Nutrition Interventions in Pregnancy
Maternal malnutrition is widespread in developing countries and is an underlying factor in fetal malnutrition and LBW as well as other adverse pregnancy outcomes such as premature births, abruptio placentae, and stillbirths.86,87 A large proportion (16%) of births in developing countries are LBW, which is a major underlying risk factor for morbidity and mortality in the perinatal and neonatal periods and later in infancy.86,88 Poor maternal nutritional status is associated with adverse birth outcomes,11,89 but the association with fetal mortality is less clear. Given the recognized association between maternal malnutrition and LBW, there has been considerable interest in nutritional interventions that may improve birth weight as well as other adverse pregnancy outcomes.87 With the emerging evidence of the long-term implications of fetal malnutrition, nutrition transition, and adverse metabolic outcomes such as diabetes,90 it becomes even more imperative to improve maternal and fetal nutrition in developing countries. Two recent reviews evaluated the impact of nutrition interventions on prematurity91 and pregnancy outcomes92 and underscored the fact that few studies have addressed this problem in community settings in developing countries.
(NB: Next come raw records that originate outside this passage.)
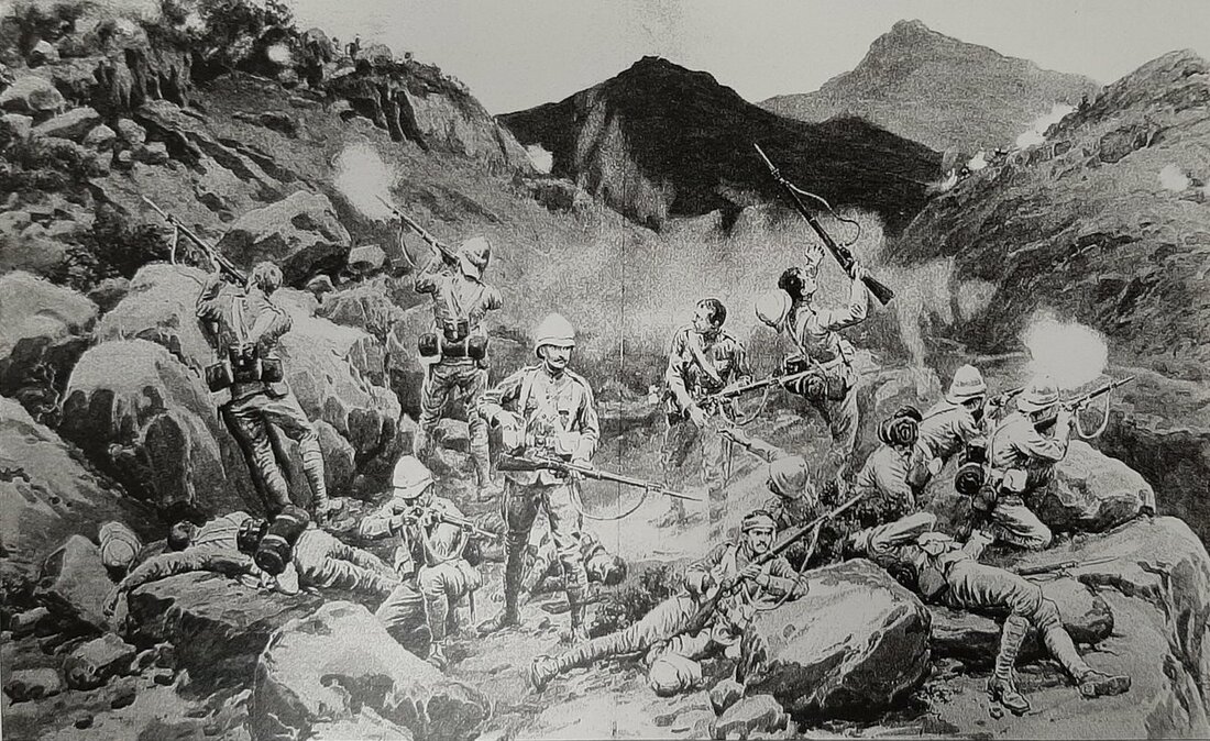 'During the advance but few of the enemy showed themselves, but in the retirement, which began at 2 p.m., the Northamptonshire Regiment forming the rear-guard was closely pressed. Its movement from the crest into the valley, which was much delayed by the steepness of the descent and by the number of wounded men who had to be carried by their comrades, was covered by the guns, the flanks being held by the two Sikh regiments [15th & 36th]. Eventually a portion of the Northamptonshire Regiment became entangled in a deep ravine, where they were fired into at close quarters by the tribesmen. The 36th Sikhs were sent back to extricate them, but evening was coming on, and before assistance could be rendered a party consisting of an officer and 12 men was cut off and shot down. Had the battalion kept to the high ground where its flanks were protected by the two Sikh regiments, its loss would probably have been small; but unfortunately a route was chosen which offered every tactical advantage to the enemy, the result being that some of our troops became isolated, and were then attacked in overwhelming numbers.'
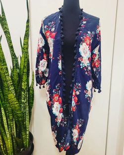 Charlotte m/l navy floral cover up with pom poms $13New York, NY
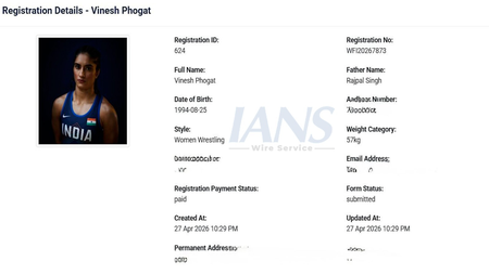 However, the WFI chief refuted such claims and shared a copy of Vinesh's registration exclusively with IANS.

Evidence for impact of nutritional interventions on maternal, perinatal, and neonatal outcomes has been reviewed extensively, largely within the Cochrane collaboration using meta-analyses of RCTs. Available data have also been reviewed recently as part of an evaluation of the evidence base for Safe Motherhood strategies93 and a review of the efficacy and effectiveness of nutrition interventions.94 Our evaluation of the evidence was drawn largely from these sources, especially the individual community-based studies in developing countries within the Cochrane reviews. In addition, we evaluated recent studies that have not yet been included in the Cochrane reviews and others with a quasi-experimental design that were not considered as part of the meta-analyses.
Protein Supplementation
BACKGROUND.
Benefits of unbalanced protein supplementation in pregnancy were largely refuted recently in a meta-analysis of available evidence.95 Such interventions have been tried historically in a variety of malnourished and at-risk populations including poor communities in developed countries.96,97 In 3 studies among Asian women in the United Kingdom and Chile, where the usual maternal energy intake was isocalorically replaced with 10% to 11% protein,98100 there was no effect on pregnancy outcomes, although there was a trend toward reduced birth weight. Even higher levels of protein supplementation (>25% of energy) in relatively well-nourished populations failed to show any benefit on pregnancy outcomes and birth weight.101,102 Thus, protein supplementation alone is no longer viewed as a viable intervention during pregnancy.103
CONCLUSIONS.
Based on a large body of evidence, pure or high levels of dietary protein supplementation cannot be recommended as an antenatal intervention, nor is additional research warranted on this intervention.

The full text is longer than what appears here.